Table 1: Overview of European studies used in this research

3. Uncertainty comparison of sub sectors

In this section, we focus on Sector 1 (Stationary Combustion) to exemplify the type of results found in our study. The results for all sectors can be found in Ramirez et al., (2007). Sector 1 is responsible for a large share of the greenhouse gas emissions, in the Netherlands it accounts for over 60 % of the reported emissions.

3.1 Sector 1: Stationary Combustion
Table 2 shows a comparison of the PDFs assumed for the activity data (upper table) and emission factors (lower table). Note that because various countries use different (types of) aggregation levels, not all PDFs are comparable. The level at which one can compare the PDFs is depicted in the table in a graphical way. Hence, a white background colour means that the uncertainty value is well comparable to the Dutch source categories. An orange colour indicates that the PDF is less comparable to the Dutch situation. Although uncertainty data for the Dutch 2004 NIR are available at a more detailed level than the ones shown in Table 2, the data has been aggregated to a higher level of aggregation in order facilitate comparison .

Table 2: Uncertainties in activity data, emission factors and PDF in Stationary Combustion

From the comparison, we conclude that most of the uncertainties used in the Dutch analysis for the activity data of the sector 1A1 liquids are larger than the ones reported for other European countries. This can be understood from the large underlying uncertainties in the activity data of the sub sectors 1A1b Petroleum Refining and 1A1c Manufacture of Solid Fuels (Olivier et al., 2005). The uncertainty of the sector 1A1 solids is comparable to those used in Finland and Flanders. The high (systematic) uncertainties reported by Austria for all sectors are based on a large difference (up to 10%) in the fuel statistics between two major Austrian institutions (Winiwarter et al., 2001). The uncertainty of the Dutch activity data for the sector 1A1 gases is higher than that of Finland but lower than for the other European countries.

The uncertainties of carbon dioxide (CO2) emission factors for stationary combustion are presented in Table 2. The uncertainties for the Dutch sector 1A1 liquids are significantly higher than in all other European countries. A possible explanation for this is that in the Netherlands ‘residual chemical gas’ constitutes a large part of this category, especially in the year 2004 (Olivier et al., 2005). The amount of ‘residual chemical gas’ in this sector is unknown in other countries. For the sector 1A1 gases, Norway reports a high uncertainty in the emission factor. At the moment, there is not enough information available to explain this.
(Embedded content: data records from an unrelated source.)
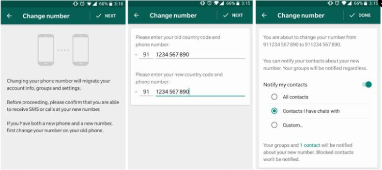 Users can now even narrow this down to contacts they’ve had chats with or any specific contacts. To use this feature of change number, you can go to the WhatsApp Settings and then Account and then select Change Number. It can be shown in the image below.
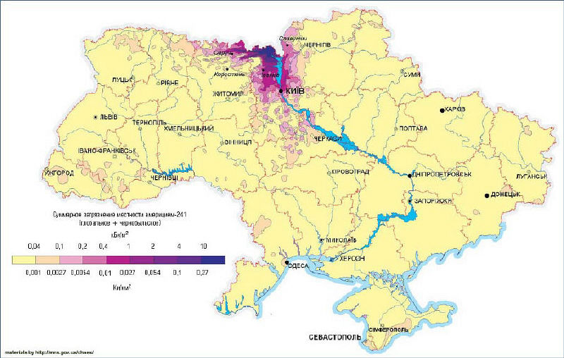 Карта радіоактивного забруднення території України америцієм-241 (241Am)
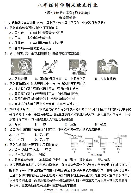 7.厨房烟雾含有水汽、空气和油脂液滴,直接排放会导致空气污染。使用油烟机可减少厨房内的油烟污染,保护室内空气质量。静电分离是油烟分离中最关键的技术。静电分离是让甲、乙金属板和油脂液滴分别带上电荷。当烟雾由下往上从两金属板间通过时,空气和水汽由于不带电顺利通过,而油脂液滴会被一侧的金属板吸附,并在重力作用下流入其下方的油杯。下列关于金属板所带电荷及油杯位置符合要求的是
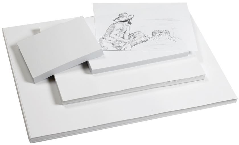Vitt ritpapper i två olika gramvikter.
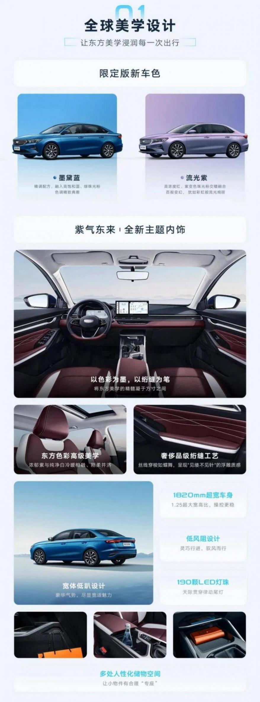 車內則依舊采用12.3英寸中控大屏+10.25英寸全液晶儀表的組合,搭載銀河OS車機系統,新增雙拼色主題內飾。此外,帝豪400萬紀念款車型還支持手機App遠程控制。
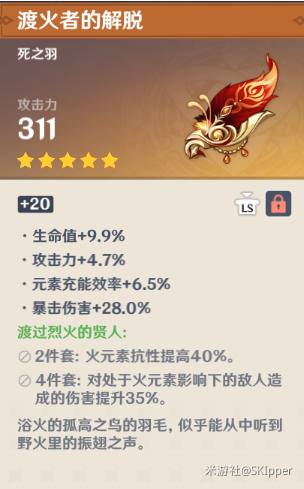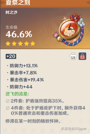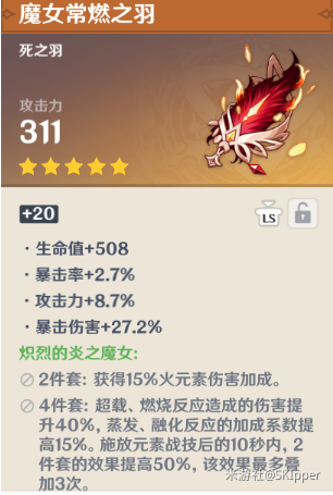 哪怕你技能只升到了6级,用的五星武器,这里依旧是生命值% 优于 攻击力%,更不用说,如果用四星武器,更高的技能等级了,那么我们的圣遗物选择当然是 生命沙 暴击/爆伤头 和火伤杯,副词条优先选双爆, 其次是生命值%>攻击力%>攻击力>生命值。

For the Netherlands, the uncertainties of emission factor in 1A2 for liquids and solids are slightly higher than those of other countries. This can be explained by a relatively high percentage of residual chemical gas and blast furnace/OF gas.

3.2 Correlations
One of the main differences between a TIER 1 and a Monte Carlo analysis is that correlations can be accounted for. In this study, we have looked at the correlations assumed between PDFs of activity data and emission factors within a given year by country and correlations assumed between different years (i.e. the base year and year of study). Note that not all correlations are applicable in all countries, because of differences in aggregation levels. Main results are:
• Most countries, including the Netherlands, fully correlate activity data, when it is used to calculate more than one emission. This is the case for example for number of animals, which are used both for calculating enteric fermentation and manure management.
• Emission factors are correlated if e.g. the same fuel is present in more subcategories.
• The activity data is, in most cases, not correlated between base year and end year. Exceptions are histosols in Norway, peat production areas in Finland, solid and other waste and cement production in Austria.
• The emission factors between base year and end year are fully correlated in all countries except for some situations in the UK. The exceptions in the UK are related to the level of aggregation and the reference to specific studies for e.g. methane emissions for open cast and coal storage.
• Most studies lack a full description of the correlation used and based on the information reported, it seems that correlation are not fully taken into account in most studies.

4 Conclusion

The results of the Monte Carlo analyses reported by the different countries are compared in Table 3. We conclude that the uncertainty in the total GHG emissions in the Netherlands are at a similar level as the uncertainties in Flanders, Finland and the random uncertainty reported by Austria. The uncertainties in the total GHG emissions in the United Kingdom, Finland with LUCF, Norway and Austria (including the systematic uncertainties) are much larger than the values found for the Netherlands.
 

Table 3 Comparison of uncertainties in Tier 2 analyses

The large uncertainty in the total GHG emissions in the United Kingdom stems from the very large uncertainty in the total N2O emissions, which in turn stems from uncertainties in the sub sectors Nitric Acid production (2σ: 230 %), N2O emissions from agricultural soils (341 %) and N2O emissions from wastewater handling (215 %). The large uncertainty in Austria stems from the assumed large systematic uncertainties and a larger share of non-CO2 greenhouse gas emissions. In Finland, the sector LUCF explains a large uncertainty in the total CO2 emissions. The Norwegian uncertainties for all types of gases are larger; also the share of non-CO2 greenhouse gas emissions is larger.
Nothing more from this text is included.